===== RECORDS SHOWN

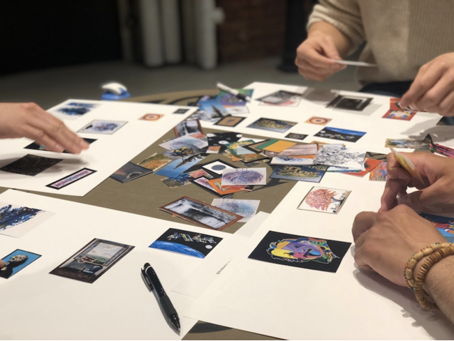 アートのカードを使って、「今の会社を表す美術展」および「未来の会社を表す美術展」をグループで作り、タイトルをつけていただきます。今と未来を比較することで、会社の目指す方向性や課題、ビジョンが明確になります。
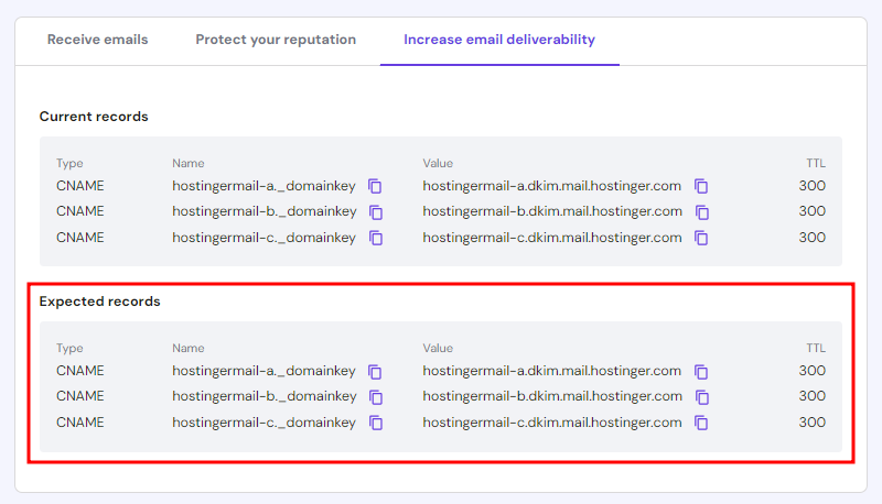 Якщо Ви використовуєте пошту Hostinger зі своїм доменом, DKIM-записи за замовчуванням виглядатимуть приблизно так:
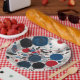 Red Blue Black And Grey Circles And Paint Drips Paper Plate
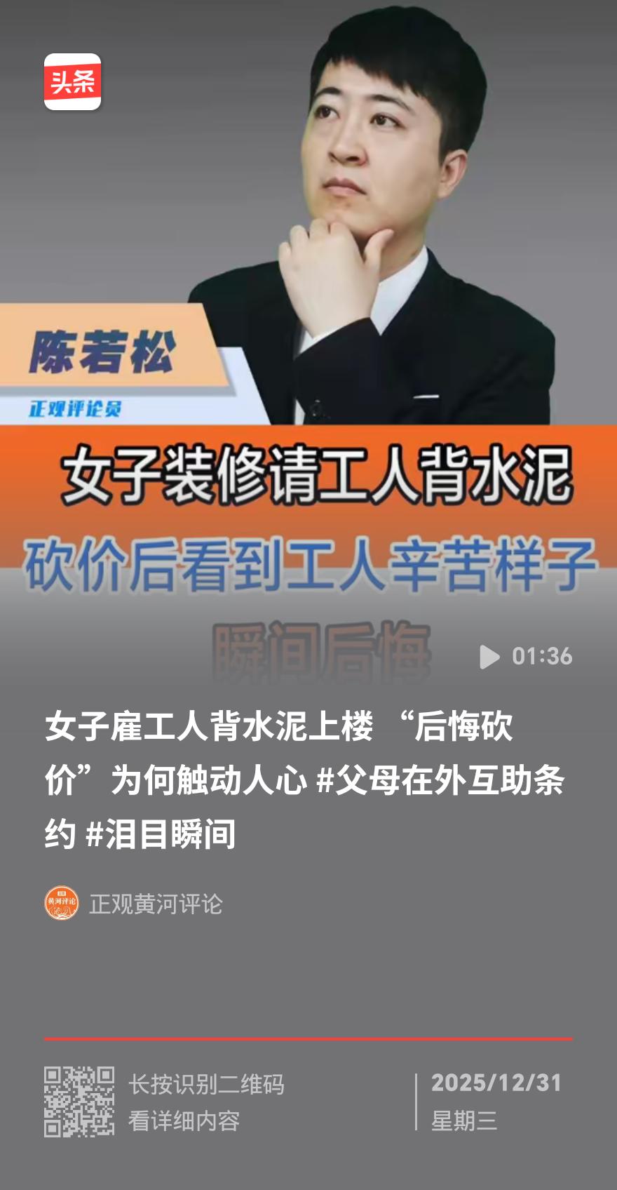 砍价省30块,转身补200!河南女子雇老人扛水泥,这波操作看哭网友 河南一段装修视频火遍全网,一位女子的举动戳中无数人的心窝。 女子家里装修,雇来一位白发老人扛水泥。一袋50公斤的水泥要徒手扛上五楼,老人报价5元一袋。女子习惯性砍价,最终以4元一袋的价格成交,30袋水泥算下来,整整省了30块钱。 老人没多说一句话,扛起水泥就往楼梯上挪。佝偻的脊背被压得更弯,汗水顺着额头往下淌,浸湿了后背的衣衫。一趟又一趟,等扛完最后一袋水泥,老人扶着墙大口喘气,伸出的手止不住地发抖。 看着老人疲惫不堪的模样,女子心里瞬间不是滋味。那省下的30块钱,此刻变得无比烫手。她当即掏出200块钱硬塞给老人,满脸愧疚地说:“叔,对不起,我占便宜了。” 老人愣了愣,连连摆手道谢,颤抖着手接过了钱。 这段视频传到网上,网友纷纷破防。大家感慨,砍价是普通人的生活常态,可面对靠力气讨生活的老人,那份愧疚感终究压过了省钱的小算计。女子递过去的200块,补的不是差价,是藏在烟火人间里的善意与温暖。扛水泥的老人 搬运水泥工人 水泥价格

==========
===== RECORDS SHOWN

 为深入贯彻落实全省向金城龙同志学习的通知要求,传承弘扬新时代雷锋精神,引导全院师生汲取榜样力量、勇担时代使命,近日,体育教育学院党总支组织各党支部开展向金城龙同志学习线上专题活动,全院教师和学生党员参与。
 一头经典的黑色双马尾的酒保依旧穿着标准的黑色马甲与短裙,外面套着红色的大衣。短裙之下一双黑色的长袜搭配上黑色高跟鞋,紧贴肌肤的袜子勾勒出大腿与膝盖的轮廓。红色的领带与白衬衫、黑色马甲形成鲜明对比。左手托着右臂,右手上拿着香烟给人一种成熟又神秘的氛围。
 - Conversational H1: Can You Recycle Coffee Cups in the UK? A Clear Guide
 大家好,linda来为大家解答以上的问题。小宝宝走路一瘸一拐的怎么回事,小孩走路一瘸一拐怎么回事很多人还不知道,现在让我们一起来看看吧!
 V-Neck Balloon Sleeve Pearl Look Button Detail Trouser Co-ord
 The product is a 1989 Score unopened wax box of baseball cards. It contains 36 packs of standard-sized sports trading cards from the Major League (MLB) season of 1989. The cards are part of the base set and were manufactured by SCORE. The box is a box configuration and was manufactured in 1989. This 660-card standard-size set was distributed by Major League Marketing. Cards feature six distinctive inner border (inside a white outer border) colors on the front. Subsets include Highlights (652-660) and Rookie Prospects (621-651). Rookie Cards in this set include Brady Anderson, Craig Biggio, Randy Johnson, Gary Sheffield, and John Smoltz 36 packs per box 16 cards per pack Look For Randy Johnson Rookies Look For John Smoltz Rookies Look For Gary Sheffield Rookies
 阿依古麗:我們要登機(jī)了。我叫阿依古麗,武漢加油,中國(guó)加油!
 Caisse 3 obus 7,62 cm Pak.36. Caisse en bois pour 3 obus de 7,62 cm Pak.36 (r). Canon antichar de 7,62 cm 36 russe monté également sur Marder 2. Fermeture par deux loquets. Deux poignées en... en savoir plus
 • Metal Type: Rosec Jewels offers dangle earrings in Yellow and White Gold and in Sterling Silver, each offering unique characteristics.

==========
===== RECORDS SHOWN

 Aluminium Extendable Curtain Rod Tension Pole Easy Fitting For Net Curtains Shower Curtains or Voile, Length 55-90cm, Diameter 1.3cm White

==========

TRY IT:
Lines containing the string "Look": report how many there are in the material above, and nothing more.

EXERCISE ANSWER:
2